“诶,祥哥?”
其他人愣住了,這什麽意思,還真的要帶他去見大師傅嗎?
男子無視其他人,随意找了個椅子坐了下來。他特意找了比較偏的位置,離那僅剩的幾桌客人遠一點。盡量的不要讓自己影響到他們。
其中有個人見祥哥對他這麽客氣,更确定這人的身份應該不像是表面看上去那麽邋遢。他相信祥哥的眼光,于是去到後面給他倒了杯水。
男子也不客氣,接了水就灌下去,這樣子像是好幾天沒有喝水吃過東西。
一杯水喝完,祥哥就回來了。除了他再沒有其他人,那個大師傅連影都沒見到。就在他們準備幸災樂禍,想要損幾句的時候,祥哥的一句話讓他們成功閉嘴。
“你跟我來。”祥哥朝男子喊了一聲,便轉身朝裏走。
于是男子就在衆目睽睽之下,跟在祥哥後面去了後廚。等兩人身影不見了,才有人開腔。
“不會吧,大師傅真的要見這讨飯佬?”
“什麽讨飯佬?看祥哥對他那樣兒,我覺得這人肯定不是窮讨飯的。”
“嗯…我也覺得,他這身打扮雖然邋遢了點。但是看他眼神就覺得不是一般人。就像是武俠小說裏消失人世十幾年,閉關修煉了一身本領的求敗劍客。出世比賽練級來了。”
“說到武俠,今晚的射雕英雄傳播到第幾集了?”
“楊康應該自己笑的自己不是世子了吧。這龜兒子認賊作父……”
聲音漸行漸遠,慢慢變小。轉到祥哥這邊。
太白居很大,前廳大,後廚也大。
從前廳到後廚要走差不多一分鍾,當然這肯定不是上菜的這條路。一道菜從出鍋,端到桌上,要花一分鍾的話,這道菜基本上就算涼了。
這個涼不是物理屬性的涼,而是不好吃,不受歡迎。
他們傳菜有特制的通道。而且他們也不是去後廚,而是穿過後廚,來到後面一間類似于辦公室的房間。
……
周舫從張來秋辦公室出去後,并沒有回四十四隊,而是直接出了中心,去往了北河戲園子。
暮色悄悄的爬上了京都的天空。這座城市的節奏慢了下來,嘈雜的聲音沒了,變得十分安靜。就像是即将入睡的嬰兒,一個細微的聲響現在都能驚起不小的動靜。
更别說是一輛汽車。
小汽車停在了戲園子門口,周舫從副駕駛座下來。下來後,車子便熄了火,也不見有人再下來。司機估計在車裏等着他。
這裏本就偏,一般一場戲結束後,觀衆就散了,這兒就變得冷清。到了晚上,更沒什麽人活動。就冷清的有些詭異。
小園子門沒有鎖,周舫單手輕輕一推,門吱呀一下便開了。這聲音,配上朦胧夜色,活像黑白恐怖片的場景。
就在這時,一隻黑影從斜刺裏竄了出來,周舫的心頓時停了一秒。
原來是隻老花貓,隻見它喵了一聲,就消失在了夜色中。
周舫腳上穿着軍靴,跨進了園子。
跟外面的一片漆黑相比,園子裏還有幾處燈火。幾處光芒都是來自挂在走廊上的紅燈籠。如果說剛才的開門聲是恐怖片的開始,那麽這幾盞紅燈籠,就是怪物出來前渲染氣氛的法寶。
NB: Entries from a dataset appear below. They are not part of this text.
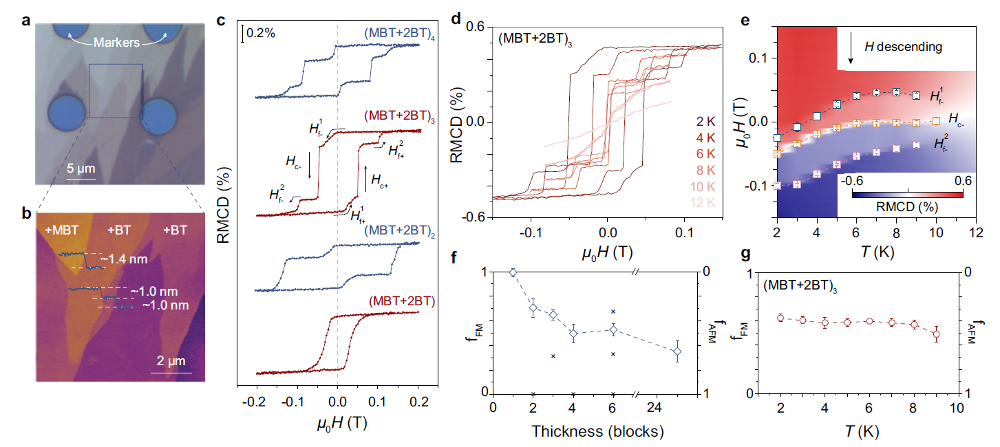 图1. a-b:MnBi6Te10少层样品光学照片及表面形貌扫描图;c:少层MnBi6Te10 RMCD-μ0H磁翻转曲线;d-e: 3层MnBi6Te10温度依赖的磁翻转;f-g:铁磁-反铁磁占比随厚度及温度变化
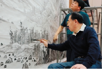 中国美协理事曾先国带领团队为青岛高铁北站创作《青岛揽胜》巨幅作品
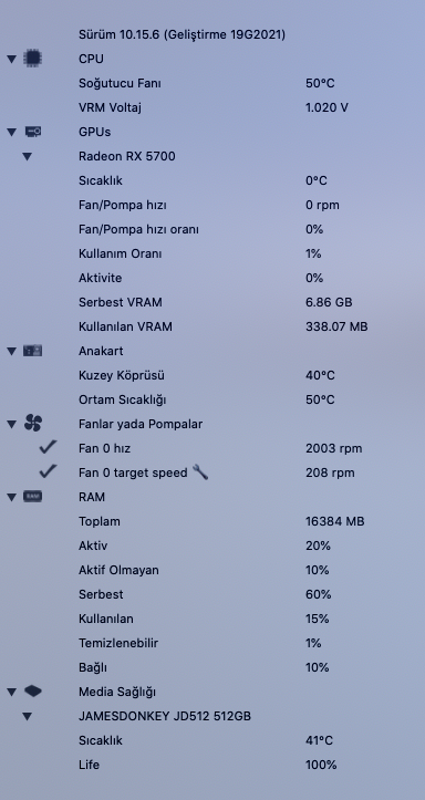Hocam hwmonitor diye bi uygulama indirdim onun içindeki kextler ile bi kaç bişeler yaptım virtualsmc yi sildim onun içerisindeki fakesmc yi kullandım ve bi kaçtane amdcpumonitor gibi kext vardı yukledım. Şuan cpu ve diğerlerini görüyor bir tek ekran kartını görmediVirtual smc sil yerine fakesmc kullanarak dene istersen ama saçma olabilir. Opencore config işlemeyi silmeyi unutma.
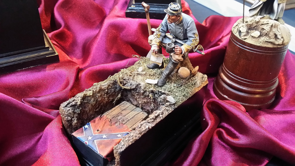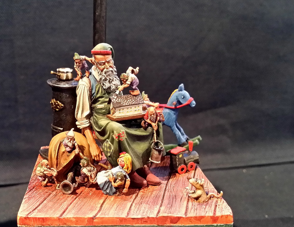 Et au mieux que j’ai réussi, après avoir tenté d’affiner mes glacis – en vain ! C’est facile quand on voit les vidéos Youtube, mais en vrai, c’est soit trop épais, soit ça fait de la flotte, et la peinture fait de la « craie » en séchant, c’est grumeleux. Ce que ça fait sur ma figurine…

周舫從燈籠下穿過,他身姿挺拔,背影看的十分有安全感。他對這兒很熟悉,也知道自己的目的地在哪。所以,沒有在路上耽誤一點兒功夫。
很快他穿過走廊,又走到一個小門面前。隻不過與剛才那道門不一樣,這道門已經從裏面闩起來。
隻能敲門了。
周舫擡手正欲敲門呢,門突然從裏面開了。
周舫不由得心下一凜,這突如其來的開門吓他一跳。
開門的好似今日跟孟良仙說話的那個人。周舫藏在夜色中,他沒能看清對方的樣子。隻是聽孟良仙說今夜會有客人來,所以自己早早的等在了這裏。外面一有風吹草動,他就知道。所以,周舫在外面,沒等他敲門,他便把門打開了。
“我們家先生在後面等您許久了。”
等我?
周舫驚訝,難道孟良仙知道自己今晚要來?不至于啊,他今天才回的京都,而且回來的消息除了張來秋那厮,還能有誰知道。
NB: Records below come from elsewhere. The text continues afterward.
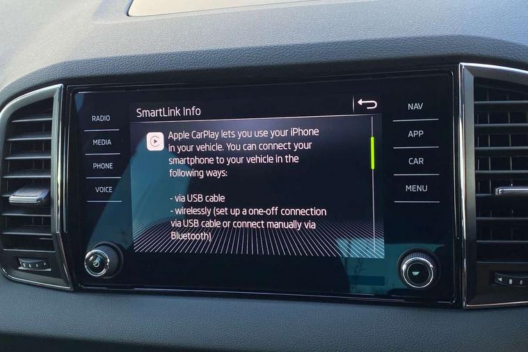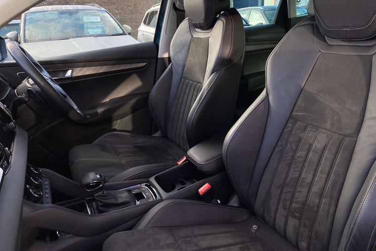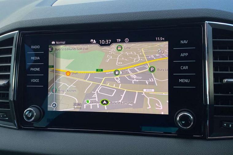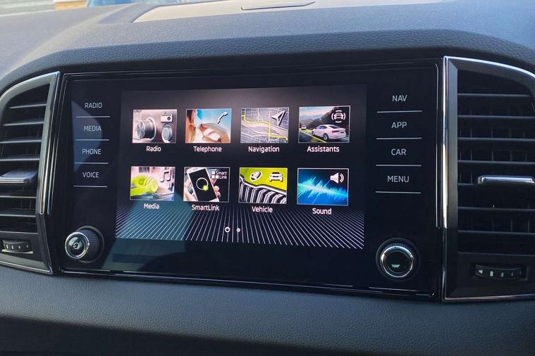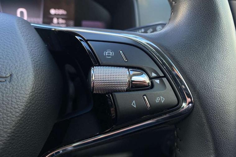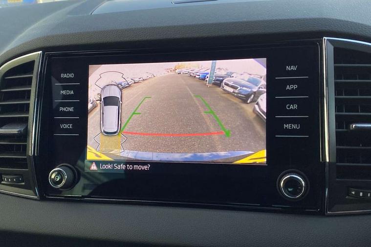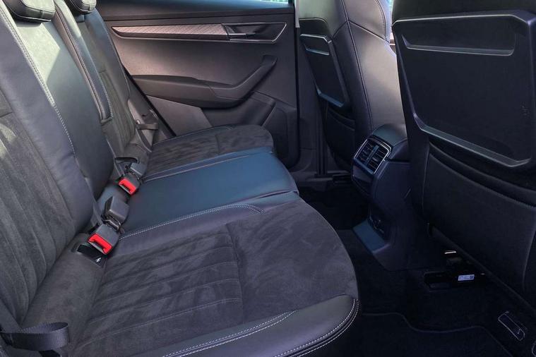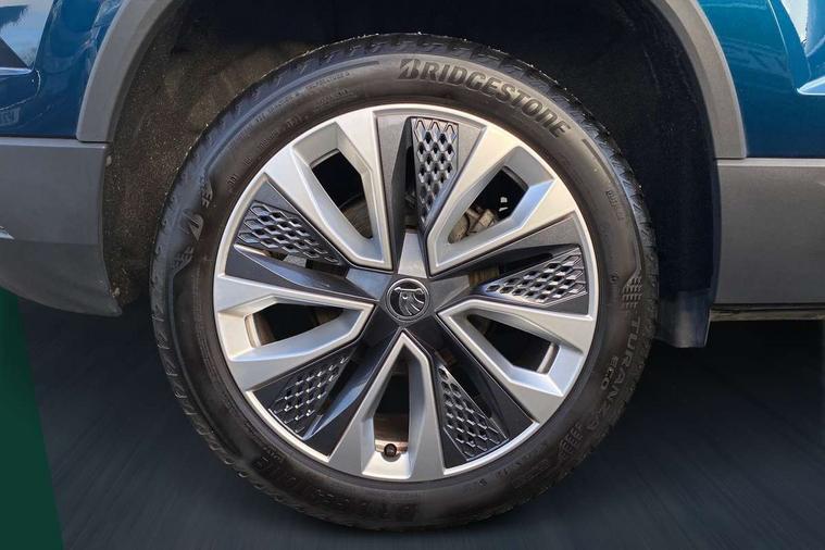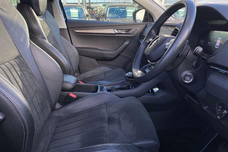 8" Digital display, Care connect, Driver fatigue sensor, Emergency services call system, Outside temperature gauge, Service interval indicator, SmartLink wireless for Apple and wired for Android, Start/stop system with regenerative braking, USB C Port x 2 in front centre console, 8 Speakers, DAB radio with Bluetooth, USB connection, Acoustic glass, Aero front windscreen wipers with intermittent function, Auto dimming rear view mirror with light and rain sensors, Black electric window control buttons, Body colour door mirrors and handles, Dynamic headlight range control with cornering light function, Electric front and rear windows with child proof lock, Heated rear windscreen, LED daytime running lights, LED rear lights with high functionality welcome effect and dynamic indicators, Light assistant (coming/leaving home/tunnel light), Plastic scuff plates, Privacy glass, Rear side wing doors, Rear spoiler, Rear window wiper with washer system and intermittent control, Safety reflectors on front doors, 1.5 litre bottle holders in driver and front passenger door panels, 12V socket in boot, 12v socket in front centre armrest with storage compartment and rear air vents, 2 spoke leather heated multifunction steering wheel with DSG paddles, 2 x Tablet holder, 3 rear height adjustable headrests, 3 seat bench in 2nd row, 4 foldable roof handles with rear coat hooks, Black floor carpet, Chrome inner door handles, Double sided boot floor, Foldable hooks in the boot, Front head restraints, Height adjustable front three point seats belts with tensioners, Height/reach adjust steering wheel, Ice scraper, Illuminated glovebox, Illuminated luggage compartment, Isofix child seat preparation for front passenger seat, Isofix child seat preparation outer rear, Manual lumbar support for front seats, Pen holder, Pollen filter, Rear boot cover, Rear reading lights, Rubbish bin door, Safety vest holder, Single front passenger seat, Storage box in upper central dashboard closed, Sunvisors with illuminated vanity mirrors, Textile floor mats, Ticket holder, VarioFlex seats with standard rear seat release, Boot pack - Karoq, Design Pack - Karoq, Parking pack - Karoq, Automatic door unlocking in case of crash, Automatic fuel cut off in case of crash, Child locks on rear doors, Driver airbag, Electronic parking brake with auto hold function, Emergency rear braking signal, ESC including ABS, MSR, ASR, EDS, HBA, DSR, RBS, MKB and traction control, Front side airbags, Hill hold control, Knee airbags, Passenger airbag with switch-off function, Pedestrian monitor, Seatbelt reminder signalisation and pretensioner for all seats, Three point seatbelts rear, Two tone horn, Tyre pressure display, Tyre pressure monitor, Alarm with interior monitoring, back up horn and tilt sensor with safe function, Electronic engine immobiliser, Keyless entry and start/stop, Remote central locking with 2 remote folding keys, Chrome framed air vents, 18" Miran alloy wheels in black, Anti-theft wheel bolts protection, Tool kit,
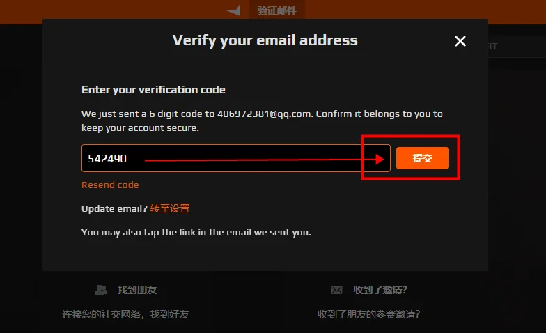 之前注册填写的邮箱内会收到一个验证码,回到验证界面填写进去。
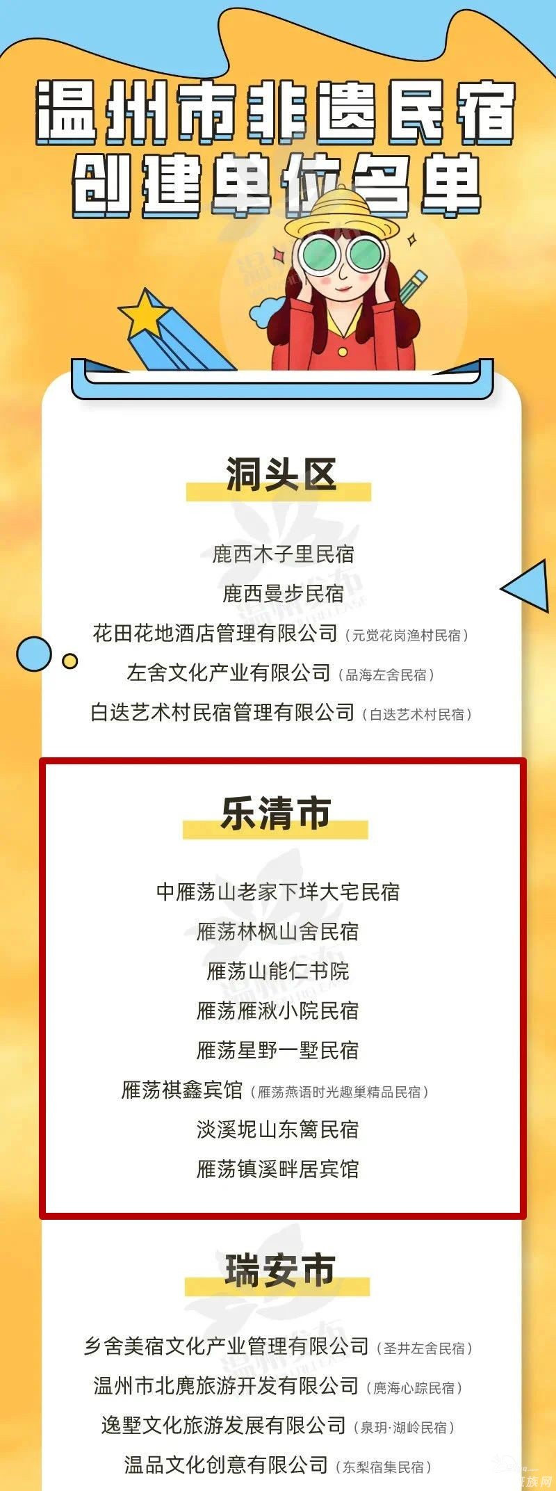 10月中旬,在民宿业主自愿申报和各地文旅局推荐的基础上,温州市文化广电旅游局召开了非遗民宿创建单位评估会。经民宿业主的陈述、专家组的评估,选定33家民宿作为我市非遗民宿创建单位,其中乐清有8家上榜。和小编 ...

孟良仙這是在炸自己,還是真的從哪裏得知自己回來的消息?
周舫沒開口,隻是對那人點點頭,跟在了對方的後面,朝裏院走。
沒走一會,就來到了一棟小屋子前,裏面有亮光。看着光芒,應該是鎢絲燈泡發出來的光。
那人沒有敲門,也沒有進屋,走到門口就停了。
回頭對周舫說“您進去吧,我就不進去了。”
周舫朝他點點頭,二話沒說,推門進屋。既然孟良仙都知道自己要來,如果在外面繼續那麽扭扭捏捏不進去,反倒顯得自己小家子氣。
推門進去,就看到孟良仙坐在桌子邊。這是一個頗有年代的屋子,屋子裏的陳設也很老舊。木質的小圓桌,圍繞在桌子四周有四張圓凳子。
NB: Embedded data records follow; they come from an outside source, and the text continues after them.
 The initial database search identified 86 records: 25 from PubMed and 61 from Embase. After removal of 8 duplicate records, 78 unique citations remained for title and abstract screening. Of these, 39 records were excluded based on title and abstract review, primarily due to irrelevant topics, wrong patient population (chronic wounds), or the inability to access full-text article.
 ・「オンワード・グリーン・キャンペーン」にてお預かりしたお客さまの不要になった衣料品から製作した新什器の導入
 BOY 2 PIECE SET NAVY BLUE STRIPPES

孟鶴仙身着一身紅色的長衫,坐在其中的一張椅子上。很難想象一個男人能把紅色穿的如此……合适。周舫在看到這樣的孟良仙之前,還一直覺得紅色隻屬于女人。跟男人則一點邊兒都沒有。
看來他是應該改改自己的思想。
孟良仙正在給桌子上的杯子倒茶。在這深秋的深夜,他仿佛看到了茶水上飄着的熱氣。
“今日不知小院是怎樣的福氣,居然能迎來周首長這樣的貴客。”
孟良仙雖然是這麽說的,但是語氣裏沒有絲毫的奉承,更沒有一丁點的敬意。這話就像是在說,今晚月色很好。
周舫見孟良仙出聲跟自己說話,他微微一笑,坐到孟良仙對面。沒有開口,而是先伸手從孟良仙手裏拿走了倒了半滿的茶水。
喝了一小口,味香濃郁。他是想喝一大口的,但是無奈茶水太燙。
“明前?”
答非所問。
周舫跟唐毅從小一起長大,唐毅聰明,周舫也不笨。這種答非所問的本領,說不清楚是誰教誰的,好像這兩人天生都會。
。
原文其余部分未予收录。